Induction of synchronous, rhythmic activities in brain slices by low micromolar concentrations of 4-AP is considered to be a useful in vitro model of epileptiform activities (Avoli, 1996). Although the ionic mechanisms by which 4-AP acts are not fully understood, it is generally thought that an elevation of extracellular K⁺, a GABA_A receptor-mediated depolarization and network synchronization all likely play important roles in generating the spontaneous field responses (Michelson and Wong, 1991, 1994; Perreault and Avoli, 1992; Louvel et al., 1994; Avoli et al., 1996; Lamsa and Kaila, 1997). In the present experiments, applications of MTH attenuated (at 10 µM) or abolished (at 100 µM) the 4-AP-induced rhythmic events in the CA3-hilar or CA1 region, probably via enhancing the GABAergic synaptic inhibition and/or imposing the tonic hyperpolarization.
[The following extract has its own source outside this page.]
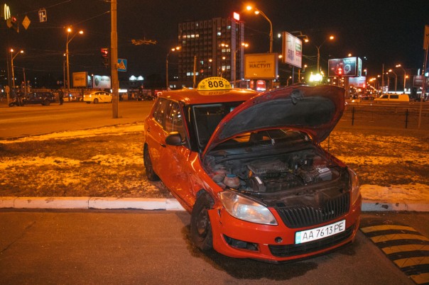 Как рассказал водитель Octavia, он ехал со стороны станции метро Почайна в сторону Оболонского проспекта, а Fabia поворачивал с Оболонского проспекта на проспект Степана Бандеры в сторону Северного моста. Полицейские отметили, что предварительно, обе машины ехали на зеленый сигнал светофора. От удара две Skoda получили серьезные повреждения, кроме этого, Fabia вылетела за пределы проезжей части и остановилась на газоне возле заправки.

In summary, we demonstrate that MTH enhanced GABAergic inhibition by potentiating GABA_A-mediated IPSCs and inducing a tonic hyperpolarization but did not by itself elicit epileptiform activity in rat brain slices. Based on these in vitro results, we propose that MTH activation of epileptiform activity in clinical settings may be mediated through increased GABA_A-mediated synchronization (Benardo and Wong, 1995; Avoli, 1996; Freund and Buzsáki, 1996) in the setting of preexistent proepileptic networks in epileptogenic brain tissue.